Sunday, April 23, 2023

Zig is one of the new names in the world of system's programming. I've been following its growth over the last few months, and have been looking for an excuse to program with it. Needing a break from my experiments with Chaos Networks, I thought this would be the perfect time to take a small detour and have some fun with Zig.

What We Are Building
====================================================================================================================================================================================================================================================================================================================================

Today we will be exploring deep neural networks, neural networks with at least two layers. DNNs are typically written in high level Python libraries like Tensorflow utilizing more complex libraries written in c++ to handle the heavy compute pieces like automatic differentiation.

We will not be using any such libraries and instead write our own simple DNN from scratch using nothing but the Zig standard library.

By the end of this post our homemade DNN will be solving MNIST with 96% accuracy!

The Architecture
====================================================================================================================================================================================================================================================================================================================================

In contrast to the majority of public libraries, we will not be utilizing the concepts of tensors and the associated idea of automatic differentiation as doing so would be outside the scope of a simple weekend project. Instead, we will manually compute the gradients for layers. This causes our architecture to shift from the standard abstraction with layer structs possessing only forward methods, to layer structs possessing both forward and backwards methods. In other words, each layer will be in charge of computing its own individual gradients and the gradients for its inputs (so we can chain layers) as will be shown later.
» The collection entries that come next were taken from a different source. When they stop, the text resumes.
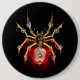 Aranha mecânica, com pá-pá de ouro, engrenagens de latão e uma lâmpada de vidro vermelha sobre fundo preto. Estilo Steampunk.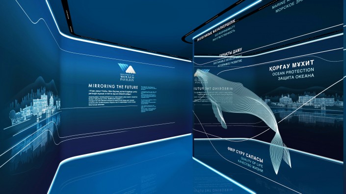 При входе в павильон, стены которого украшены графикой из городского вида Монако и цитатами князя Альбера II, посетители увидят главную инсталляцию секции княжества "Отображение будущего", которая представляет собой кинетическую конструкцию из 17-метровых зеркальных конструкций и будет двигаться как волна и проецировать фильм.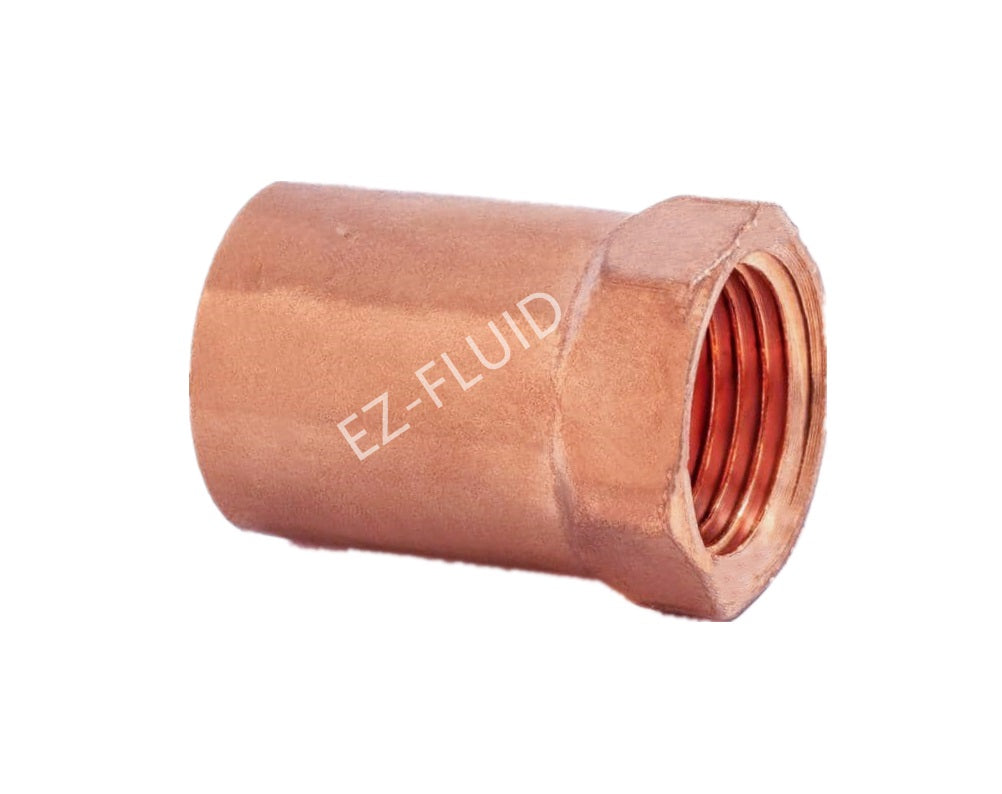 Securely connect copper pipes to male-threaded fittings with the EZ-Fluid 1-1/4" X 1" C X F FEMALE ADAPTER COPPER, designed for a tight seal.

Our simple executable will consist of four modules:

Let's break them down.

layer.zig
====================================================================================================================================================================================================================================================================================================================================

const std = @import("std");

pub fn Layer(comptime I: usize, comptime O: usize) type {
    const LayerGrads = struct { 
        weight_grads: []f64, 
        input_grads: []f64,
        const Self = @This();

        pub fn destruct(self: Self, allocator: *std.mem.Allocator) void {
            allocator.free(self.weight_grads);
            allocator.free(self.input_grads);
        }
    };

    return struct {
        inputs: usize,
        outputs: usize,
        weights: *[I * O]f64,
        last_inputs: []f64,
        const Self = @This();

        pub fn forward(self: *Self, inputs: []f64, allocator: *std.mem.Allocator) ![]f64 {
            const batch_size = inputs.len / I;
            var outputs = try allocator.alloc(f64, batch_size * O);
            var b: usize = 0;
            while (b < batch_size) : (b += 1) {
                var o: usize = 0;
                while (o < O) : (o += 1) {
                    var sum: f64 = 0;
                    var i: usize = 0;
                    while (i < I) : (i += 1) {
                        sum += inputs[b * I + i] * self.weights[O * i + o];
                    }
                    outputs[b * O + o] = sum;
                }
            }
            self.last_inputs = inputs;
            return outputs;
        }

        pub fn backwards(self: *Self, grads: []f64, allocator: *std.mem.Allocator) !LayerGrads {
            var weight_grads = try allocator.alloc(f64, I * O);

            const batch_size = self.last_inputs.len / I;
            var input_grads = try allocator.alloc(f64, batch_size * I);

            var b: usize = 0;
            while (b < batch_size) : (b += 1) {
                var i: usize = 0;
                while (i < I) : (i += 1) {
                    var o: usize = 0;
                    while (o < O) : (o += 1) {
                        weight_grads[i * O + o] += (grads[b * O + o] * self.last_inputs[b * I + i]) / @intToFloat(f64, batch_size);
                        input_grads[b * I + i] += grads[b * O + o] * self.weights[i * O + o];
                    }
                }
            }
            return LayerGrads{ .weight_grads = weight_grads, .input_grads = input_grads };
        }

        pub fn applyGradients(self: *Self, grads: []f64) void {
            var i: usize = 0;
            while (i < I * O): (i += 1) {
                self.weights[i] -= 0.01 * grads[i];
            }
        }

        pub fn init(allocator: *std.mem.Allocator) !Self {
            var memory = try allocator.alloc(f64, I * O);
            var weights = memory[0 .. I * O];
            var prng = std.rand.DefaultPrng.init(123);
            var w: usize = 0;
            while (w < I * O) : (w += 1) {
                weights[w] = prng.random().floatNorm(f64) * 0.2;
            }
            return Self{
                .inputs = I,
                .outputs = O,
                .weights = weights,
                .last_inputs = undefined,
            };
        }

        pub fn destruct(self: *Self, allocator: *std.mem.Allocator) void {
            allocator.free(self.weights);
        }
    };
}

If you are not familiar with neural networks, the most important thing to know is the forward method is the act of passing inputs into the layer and receiving outputs. The method simply performs matrix multiplication, multiplying the inputs by the weights of the layer. There are more performant ways to accomplish the matrix multiplication in the forward method, but as this is simply an educational endeavor, the above is adequate.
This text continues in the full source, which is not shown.